I've built a regex which works in principle as expected here.


/(?:\n|^)(?:[^'"])*?(?:'(?:[^\\\r\n]|[\\]{2}|\\')*'|"(?:[^\\\r\n]|[\\]{2}|\\")*")*?(?:[^'"])*?(\/\*(?:[\s\S]*?)\*\/)/g

The final group matches block comments well, as reference in the above SO:

(\/\*(?:[\s\S]*?)\*\/)

Everything preceding the actual match is discarded, but used for the purpose of matching a valid block comment - i.e. not something found in a string literal.

Ignore the case where a regex can look like a block comment.

Assume that the input string is linted, not free-form javascript.


But in practice, I'm getting a duplicate on the first match and no other matches.

Why? And how might it be corrected to work in practice?

Thanks in advance for your help and any trouble the question may put you through. :)

Also (in the comments section) any potential pit falls are welcome, given the information below.
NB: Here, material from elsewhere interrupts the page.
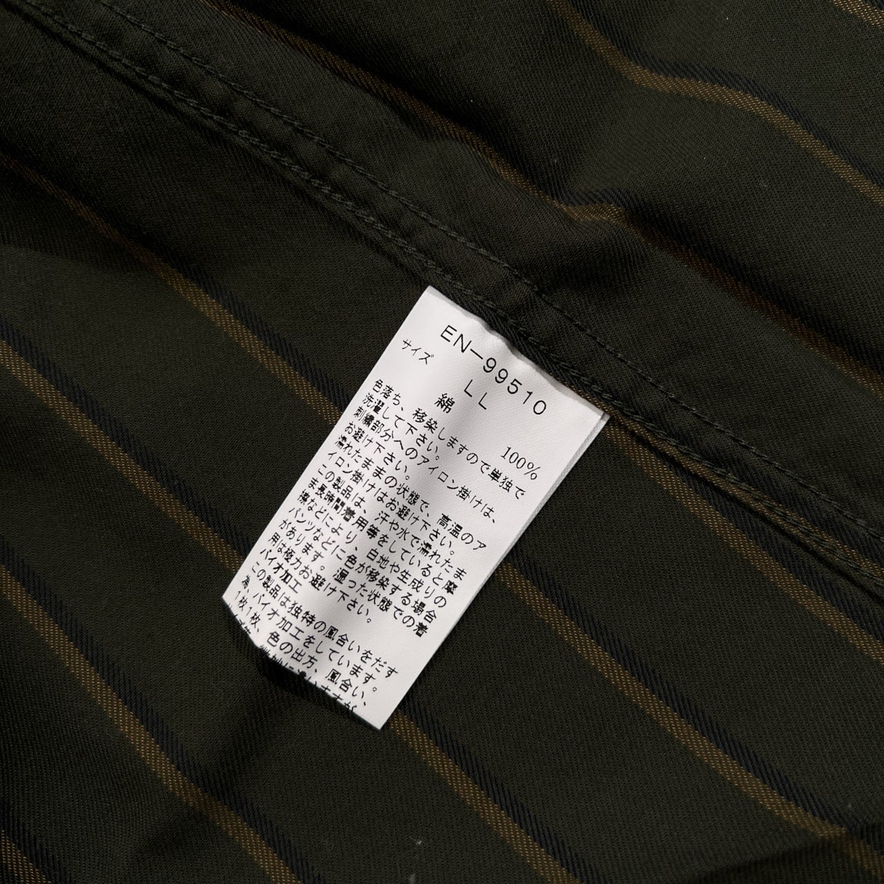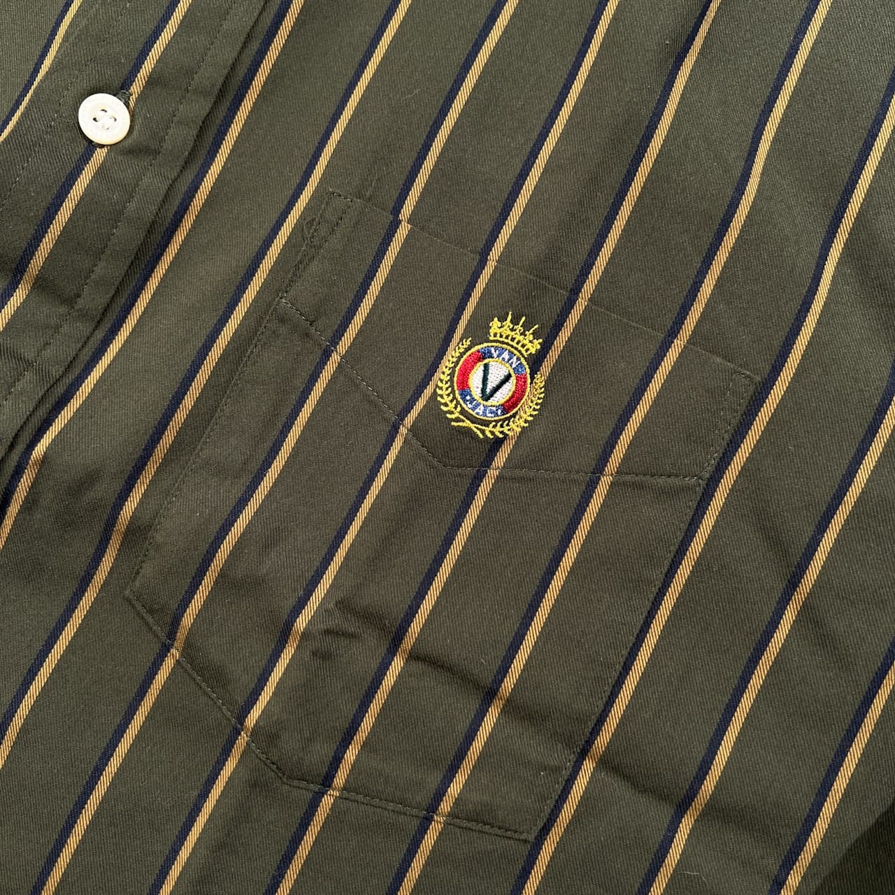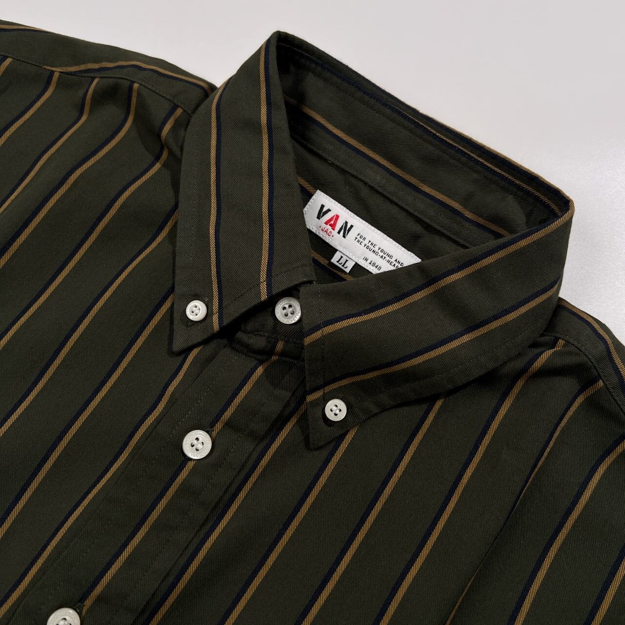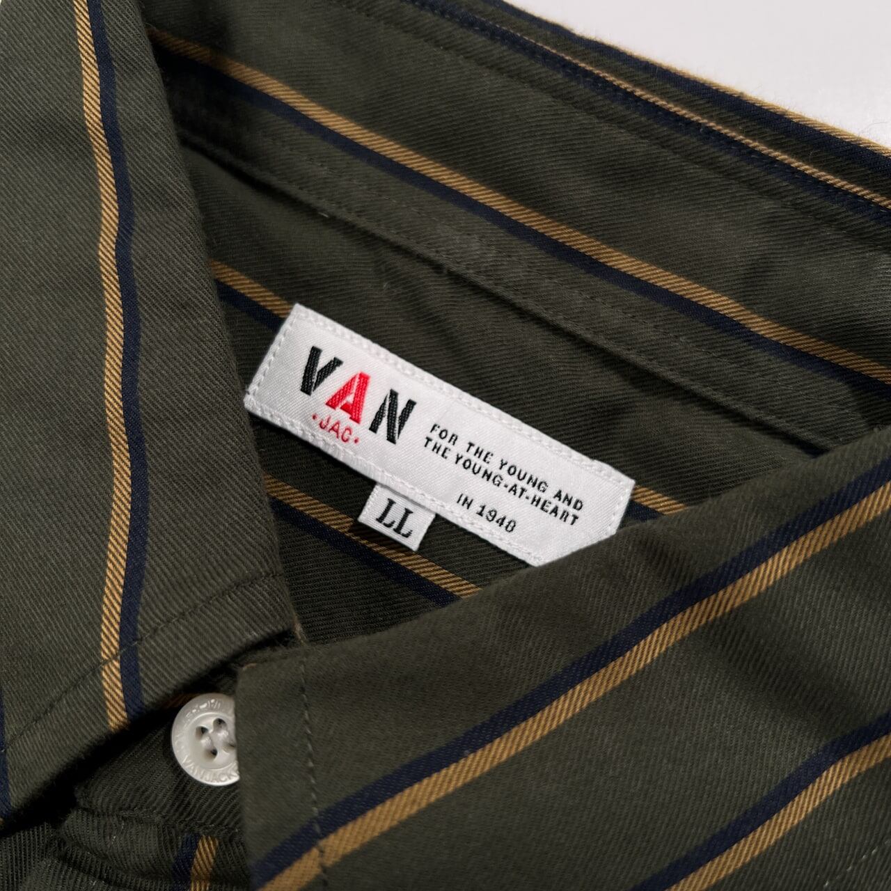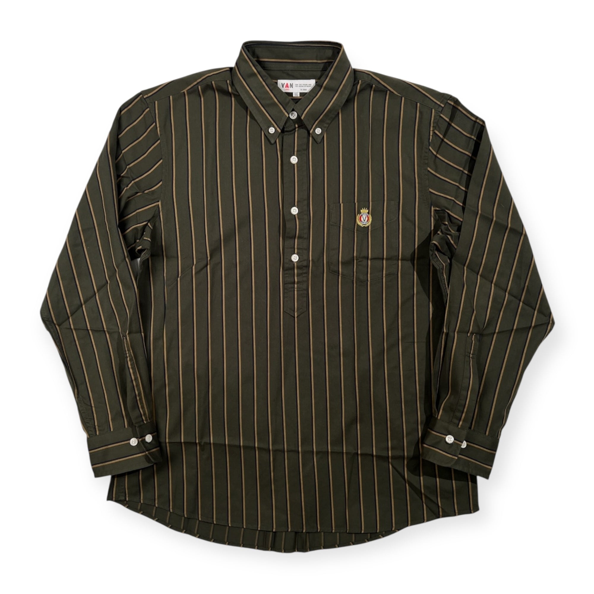 VAN JAC ヴァンヂャケット ワンポイント刺繍 ポケット付き ストライプ プルオーバー BD 長袖シャツ サイズ LL /カーキグリーン系/メンズ

Extra information irrelevant to the direct question: The ultimate goal, as hinted in the example code, is to replace/collapse any nested or otherwise code structures in such a way so as to focus on the variable declarations at the top of the lexical scope for a given patch of code - for the purpose of hoisting variable declarations, to generate a template for a specific use case. I know that sounds like a load, but I believe it is possible and relatively straight forward - NOT ENTIRELY WITH SIMPLE REPLACEMENT - but none the less. For reference to what I mean by "possible", I would prefer to only collapse regexs, block comments and inline comments EDIT: and string literals /EDIT, then recursively collapse only variable scopes (or plain objects) in {blocks} (all of them which do not contain any nested blocks) until they are gone, then see what's left. If it seems like this won't work for any reason, please respond only in comments. Thank you!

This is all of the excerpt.